Medicine River: A Story of Survival and the Legacy of Indian Boarding Schools by Mary Annette Pember - The author's mother was sent to an Indian Boarding school in Wisconsin when she was 5 years old. Her parents split up and she and her siblings went to live with her grandmother, but she couldn't afford to feed them so they went to the boarding school. Her mother came to visit her once, to tell them she had married a white man and the kids had to stay at the school. Her father came to visit some, but mostly he was drinking the profits from his illegal distillery. The boarding school was run by nuns who were abusive to say the least. The food was not great and there was never enough. The children were called dirty Indians daily and punished by whipping for speaking their native languages. Her mother was locked in the basement repeatedly. Sometimes for days on end. She and her siblings would run away to her father's house in the woods, but eventually he would have to send them back to the school. When she got out, she went off with a white guy who was abusive. Her brothers and cousins went and got her and brought her back. Then she married the author's father, also a white man. She was mostly unavailable to her own children, struggling with migraines and mental illness caused by trauma. The author then became and alcoholic. Luckily, her husband stuck by her until she realized what she was doing and they both went through rehab and therapy (he was an enabler, not an alcoholic.) In the process of delving into her past during rehab, she realized she wasn't the only one out there living with the consequences of Indian boarding schools. The author's story is set in Wisconsin, but she talks about the history of Indian Boarding schools and most of those were in Oklahoma, so several are mentioned. Many of those didn't shut down until the 70s. She spoke to people who were in those Oklahoma schools who talked about their experiences there.

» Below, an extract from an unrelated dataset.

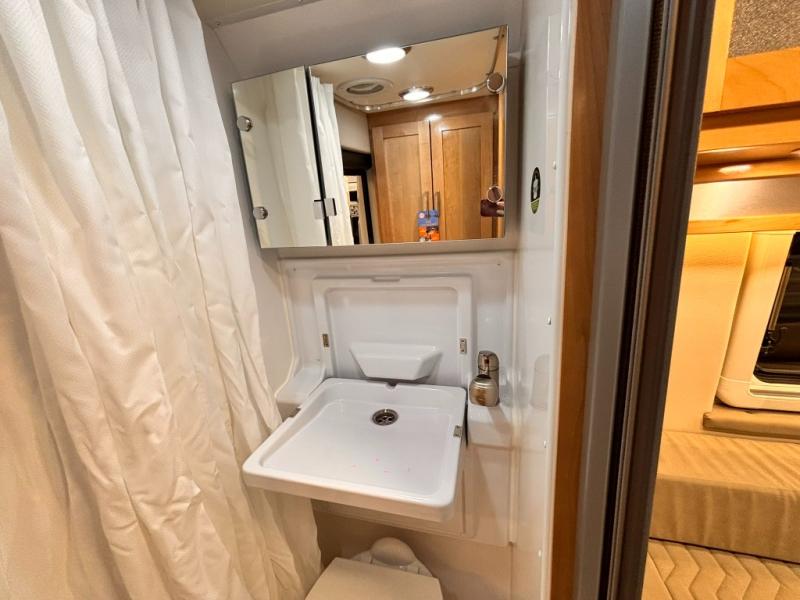 This camper van with a full rear bath will meet your needs surprisingly well. Two twin beds will provide comfortable sleeping space each night, and the swivel table in between the beds will be the perfect place to enjoy breakfast together. There is a bath wardrobe to keep your clothes tidy, plus you'll find overhead cabinets above the beds and additional storage just as you enter the coach for your belongings. This coach also includes swivel captain's seats so you can turn them around for living room seating!

Random in Death by J.D. Robb - This one featured a teen serial killer. He chose his targets at random. He went to dark, crowded places popular with teens, carrying a syringe loaded up with pure heroin, a powerful sedative, and rohypnol (a date-rape drug), and infected with a fast-spreading form of syphilis. The extra drugs were unnecessary since the heroin dose was enough to kill anyone in minutes, so why a date-rape drug? And why syphilis? The victims die in less than 10 minutes. They are teenage girls. Cute, clean, passionate about their hobbies. Turns out the kid is a nerd who has been ignored by girls and is extremely intelligent, so he thinks he is owed their attention because he's so smart. His mother died of a drug overdose when he was eleven. His father is a doctor and kind of just turned him loose in his own personal lab and let him raise himself. It was really chilling, the way this kid thought.

There you have it. All 7 books I finished in February. Thank God for audiobooks keeping my reading stats up.